WORK INSTRUCTION: From the material below, retype exactly the lines that begin at the line with "Brug musen til" and end after the line with "В сети можно"; pictures stay out of the copy.

DATASET EXTRACT:

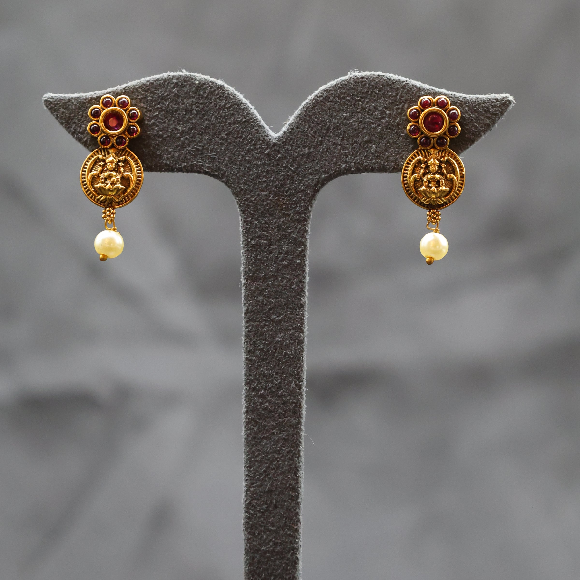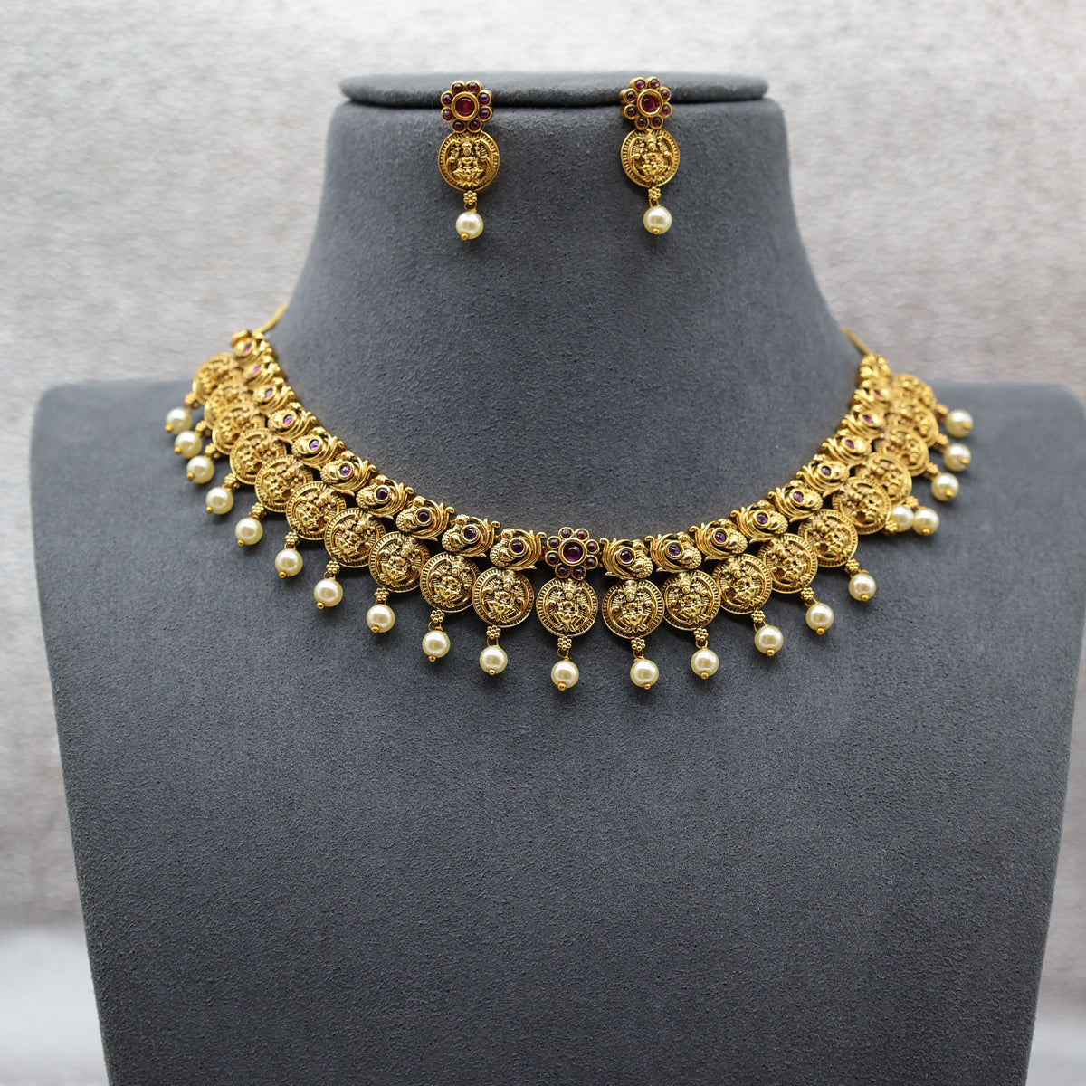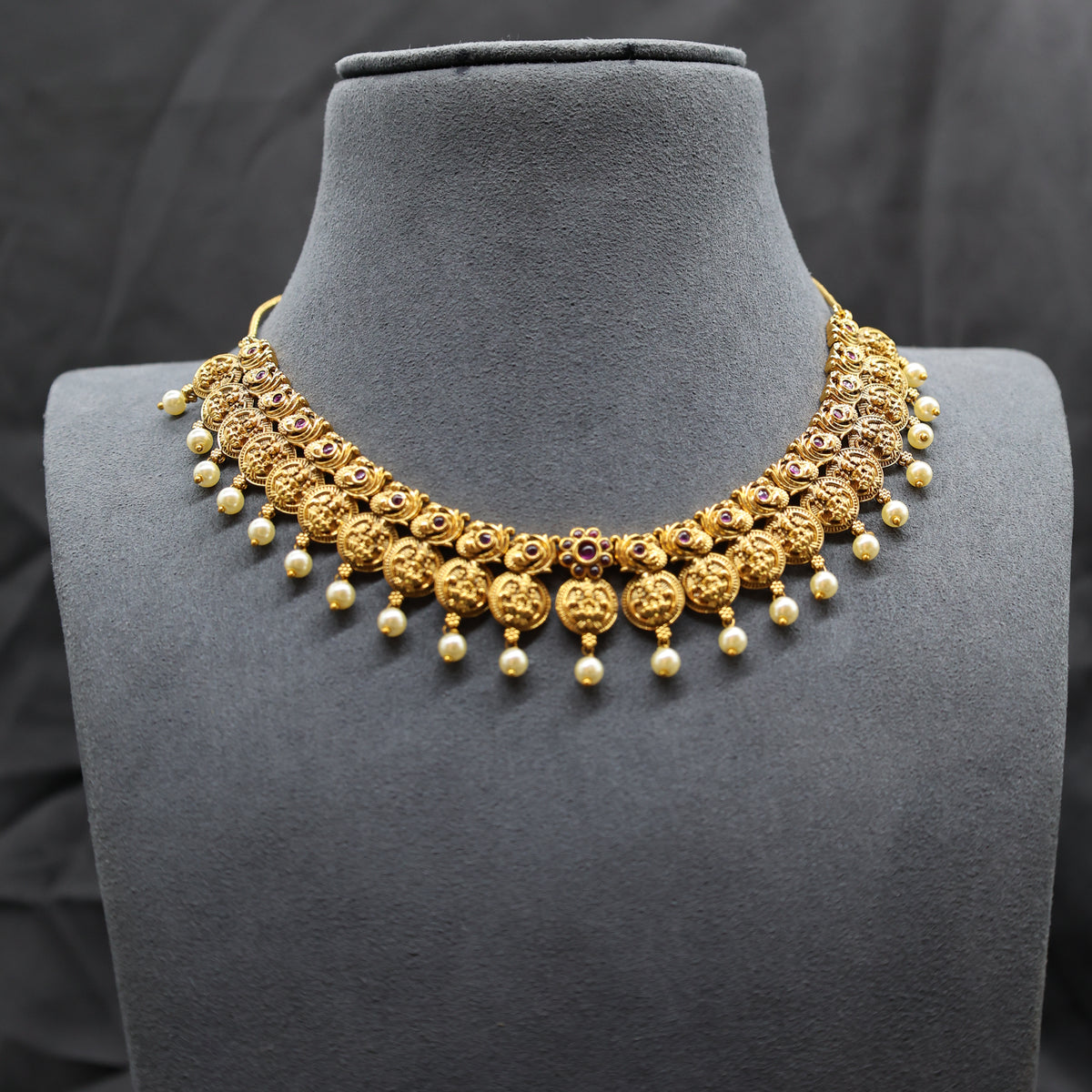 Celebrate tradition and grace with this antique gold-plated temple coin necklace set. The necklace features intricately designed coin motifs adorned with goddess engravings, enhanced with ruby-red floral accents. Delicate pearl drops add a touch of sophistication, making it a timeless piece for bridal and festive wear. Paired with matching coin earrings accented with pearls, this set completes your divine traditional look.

* * *

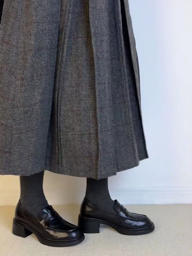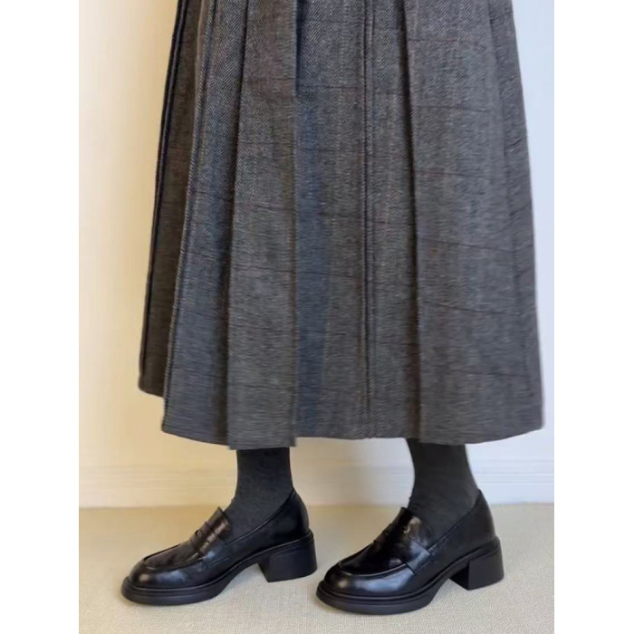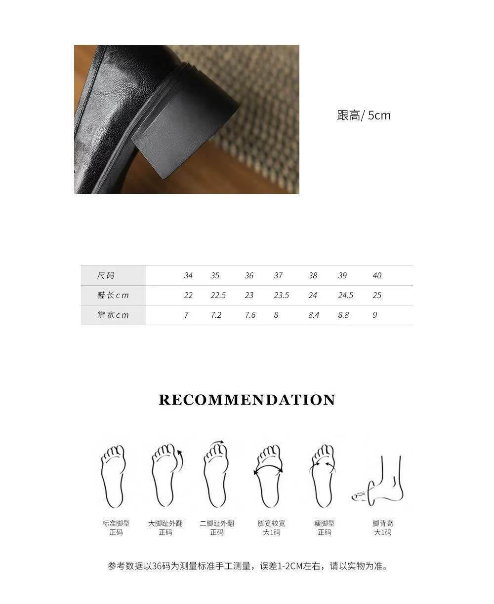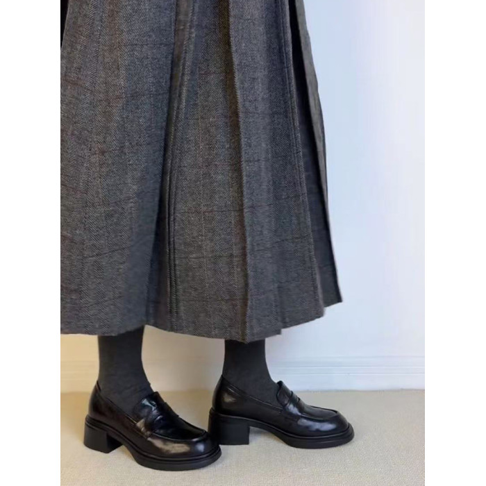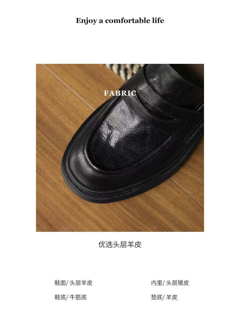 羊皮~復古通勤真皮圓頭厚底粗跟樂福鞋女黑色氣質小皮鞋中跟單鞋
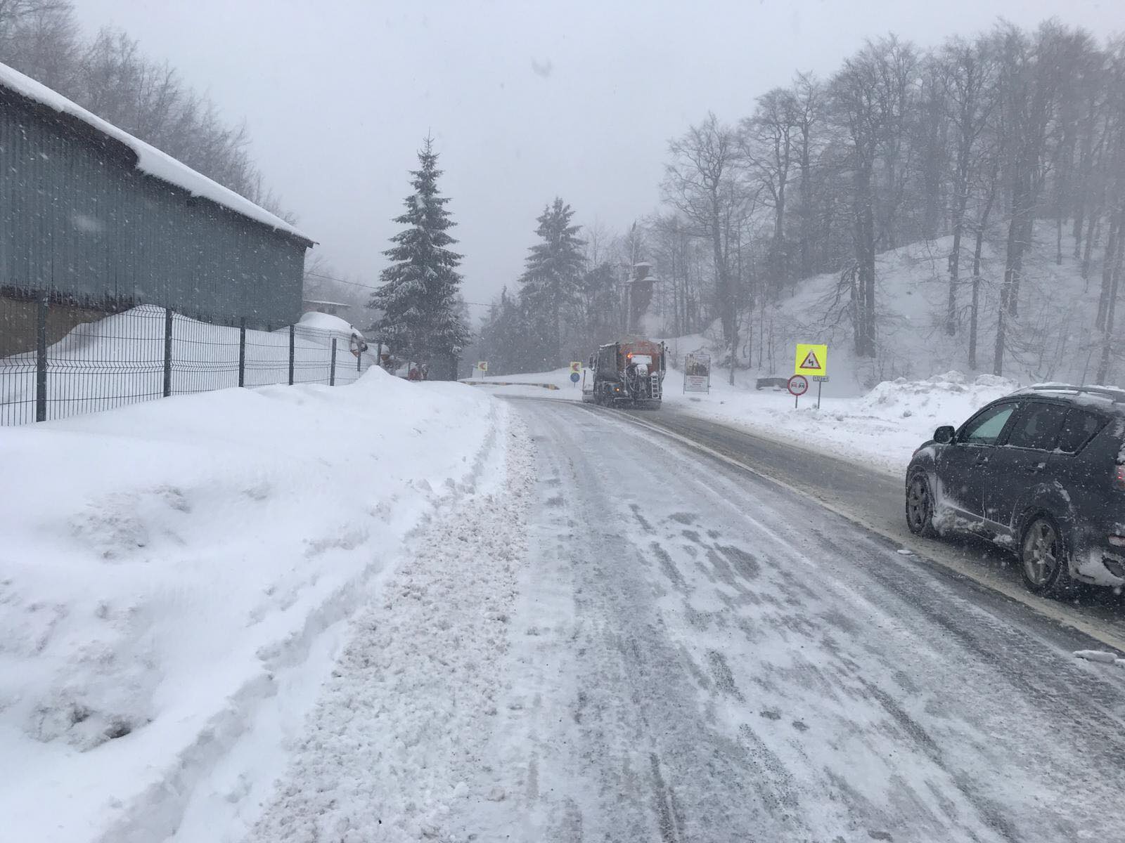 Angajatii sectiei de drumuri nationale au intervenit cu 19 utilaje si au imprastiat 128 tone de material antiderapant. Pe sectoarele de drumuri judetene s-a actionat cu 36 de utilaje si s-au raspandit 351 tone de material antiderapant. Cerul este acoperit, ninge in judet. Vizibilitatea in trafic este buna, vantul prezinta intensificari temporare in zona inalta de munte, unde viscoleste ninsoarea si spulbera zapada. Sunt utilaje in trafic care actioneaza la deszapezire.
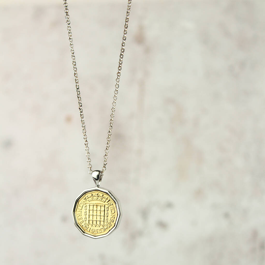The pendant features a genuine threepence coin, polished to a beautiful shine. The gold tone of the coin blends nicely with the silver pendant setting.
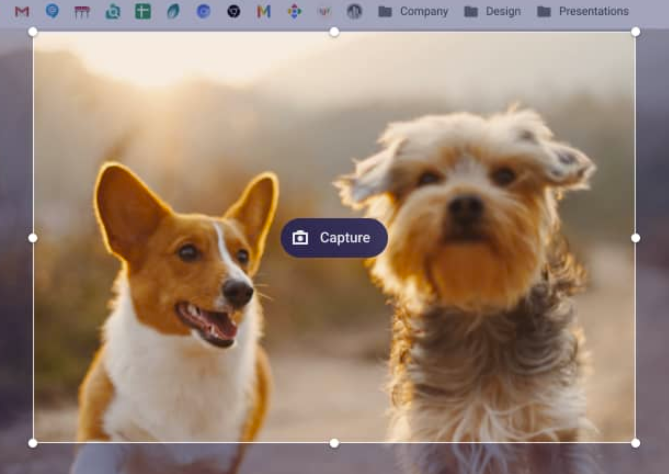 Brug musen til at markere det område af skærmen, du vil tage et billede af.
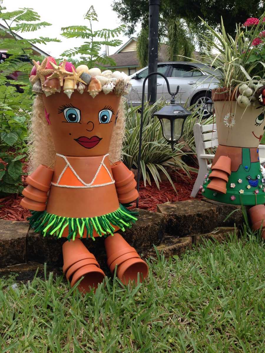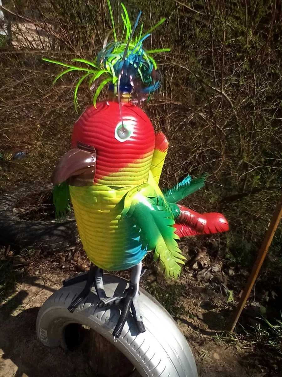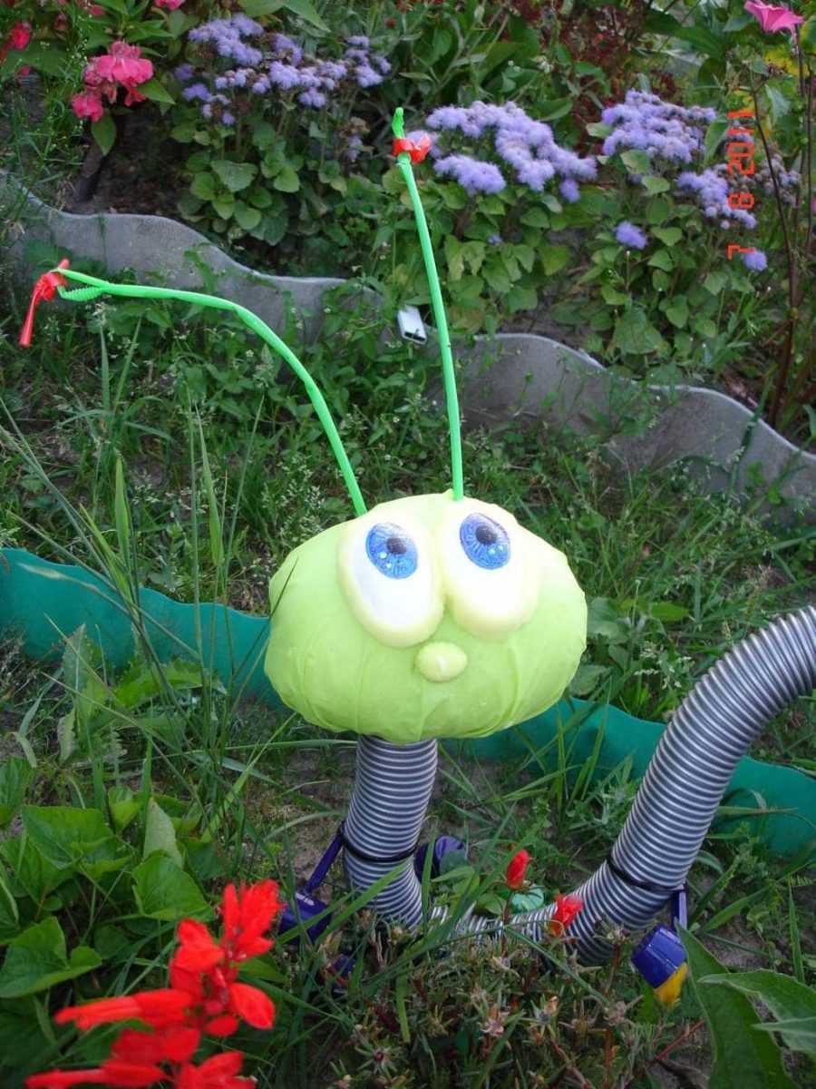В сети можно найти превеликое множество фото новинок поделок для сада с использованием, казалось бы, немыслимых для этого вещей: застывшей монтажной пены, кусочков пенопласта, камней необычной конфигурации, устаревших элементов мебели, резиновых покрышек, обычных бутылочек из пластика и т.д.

ANSWER SPACE:
 Brug musen til at markere det område af skærmen, du vil tage et billede af.
В сети можно найти превеликое множество фото новинок поделок для сада с использованием, казалось бы, немыслимых для этого вещей: застывшей монтажной пены, кусочков пенопласта, камней необычной конфигурации, устаревших элементов мебели, резиновых покрышек, обычных бутылочек из пластика и т.д.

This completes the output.